Note that if one tensor if of symmetric type, then all tensors must be of symmetric type

source

Example

Lets consider the function $h(\mathbf{f}(\mathbf{g}(\mathbf{x})))$ where h(x)=norm(x), f(x)=x ⋅ x, and g(x)=dev(x). For f(x) we then have the analytical derivative

\[\frac{\partial f_{ij}}{\partial x_{kl}} = \delta_{ik} x_{lj} + x_{ik} \delta_{jl}\]

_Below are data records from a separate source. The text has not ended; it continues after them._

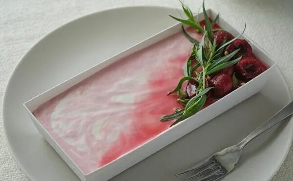 「レアチーズケーキBOX さくらんぼ」(税込2700円)は、旬のさくらんぼが贅沢に使われたマーブル模様のレアチーズケーキに、深い甘味が特長のブラックチェリー、ミントやスパイスを合わせた風味豊な自家製シロップソースを組み合わせ。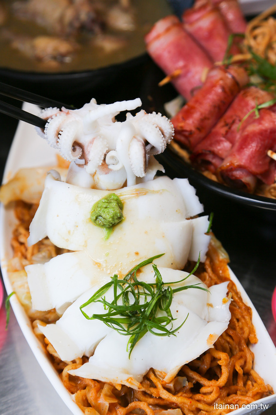 雖然已經是台南美食界的厲害角色,但「金三益健康茶飲」總是推陳出新,不定時推出新品,讓客人可以有新意。尤其是浮誇系列你想的到的海鮮,舉凡:小卷、花枝、鳳螺、帆立貝、蚵仔、火燒蝦、花枝等等,你都能吃的到。蓋到整晚看不到麵的海鮮意麵,不管是湯的或是乾炒,價格大約都落在120~200元左右,經濟實惠又吸睛,難怪會天天大排長龍。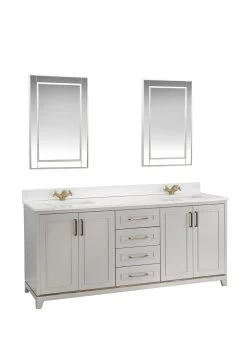 Ensemble De Meubles De Salle De Bains Jussara – Comptoir En Quartz Blanc – Miroir Flotal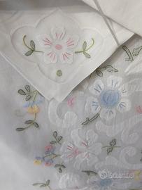 Tovaglia ricamata a mano in lino ed organza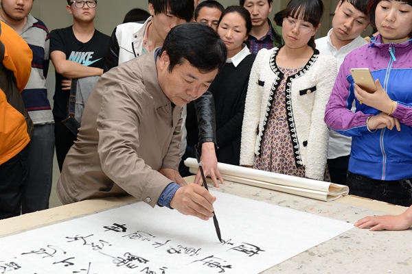 在英国365上市公司师生的邀请下,王安泉教授在现场挥毫指导,亲自示范,传授书法写作的技巧。王教授行笔不激不厉、挥洒自如、气度非凡,赢得了大家的一致好评。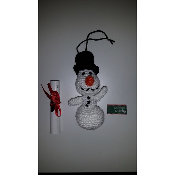 Neu, selbst gehäkelt. Es handelt sich um Søren Schneemann aus einem Wollowbies Häkelset. Der Schneemann ist fertig gehäkelt mit Aufhängschnur, Herzknopf am Hintern, Steckbrief zum Ausfüllen und Schildchen "Winterliche Grüße".
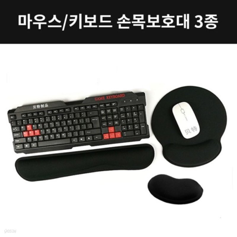 갓샵 올블랙 마우스 키보드 손목보호대 3종 손목받침대 손목보호마우스패드 Yes24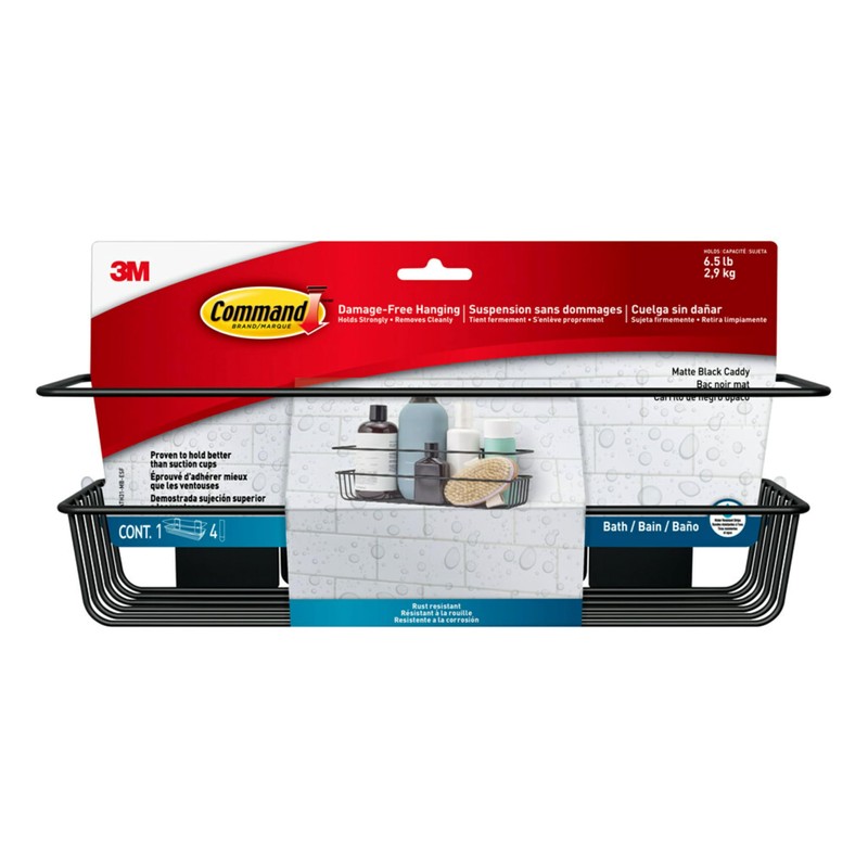 Command Shower Caddy Matte Black with Water Resistant Command Strips, Bathroom Organizer, Holds up to 6.5 lbs, 1 Count (Pack of 1)
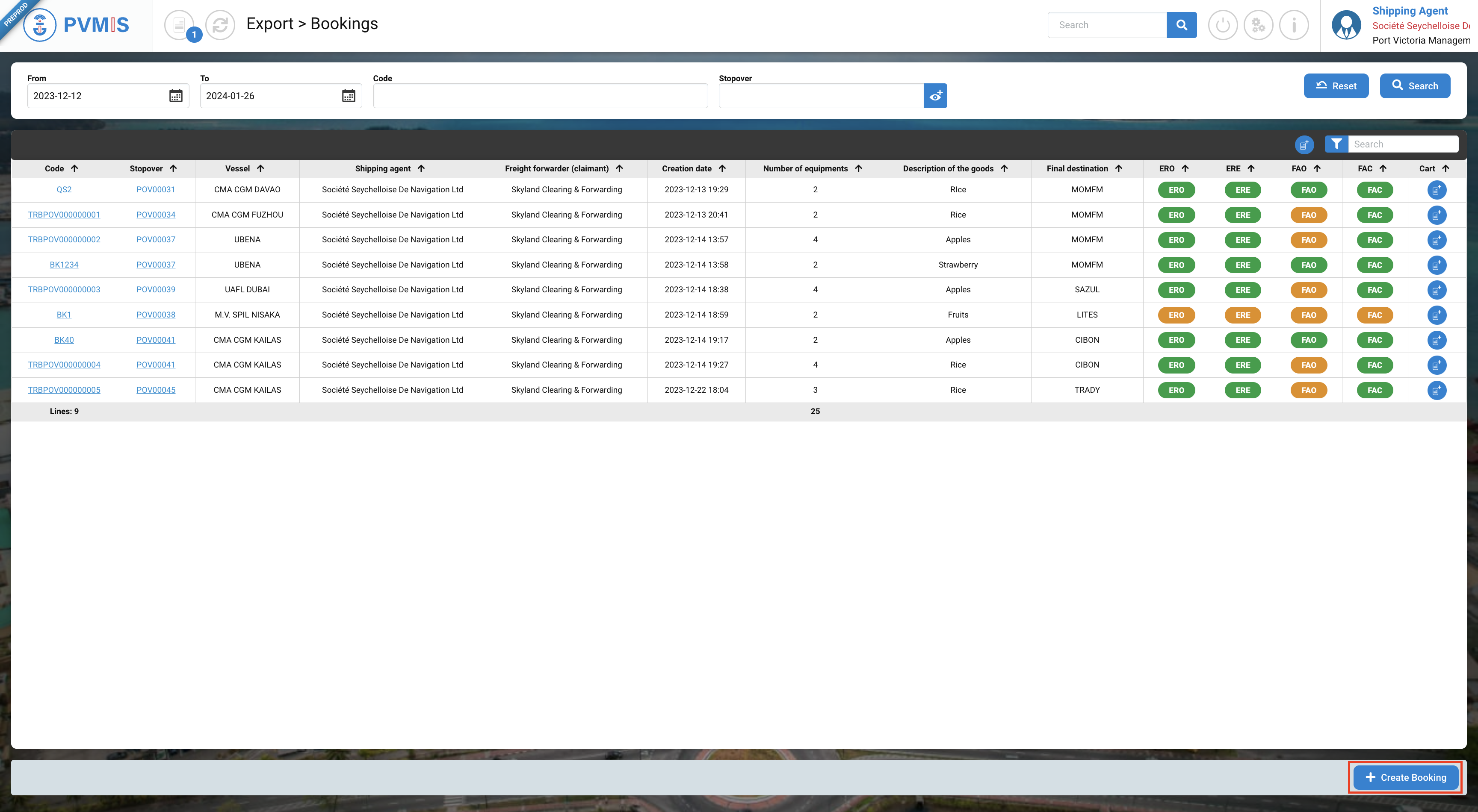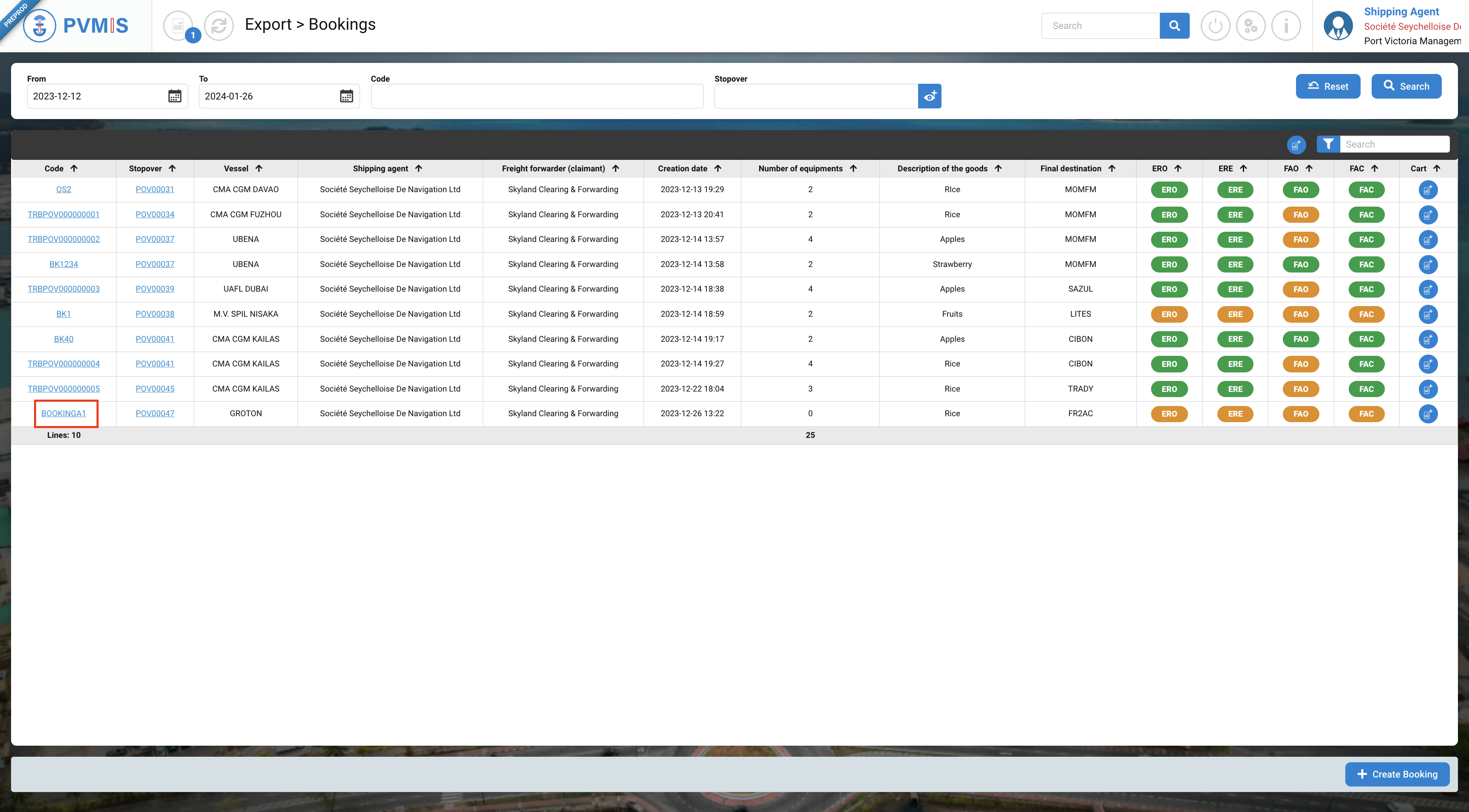 A list of all bookings falling within the specified date range is presented. Click on +Create Booking button:

which we can insert into our known analytical derivative using the @implement_gradient macro. Below, we compare with the result when the full derivative is calculated using automatic differentiation.

# Define functions
h(x) = norm(x)
f1(x) = x ⋅ x
f2(x) = f1(x)
g(x) = dev(x)

# Define composed functions
cfun1(x) = h(f1(g(x)))
cfun2(x) = h(f2(g(x)))

# Define known derivative
function df2dx(x::Tensor{2,dim}) where{dim}
    println("Hello from df2dx") # Show that df2dx is called
    fval = f2(x)
    I2 = one(Tensor{2,dim})
    dfdx_val = otimesu(I2, transpose(x)) + otimesu(x, I2)
    return fval, dfdx_val
end

# Implement known derivative
@implement_gradient f2 df2dx

# Calculate gradients
x = rand(Tensor{2,2})

gradient(cfun1, x) ≈ gradient(cfun2, x)

# output
Hello from df2dx
true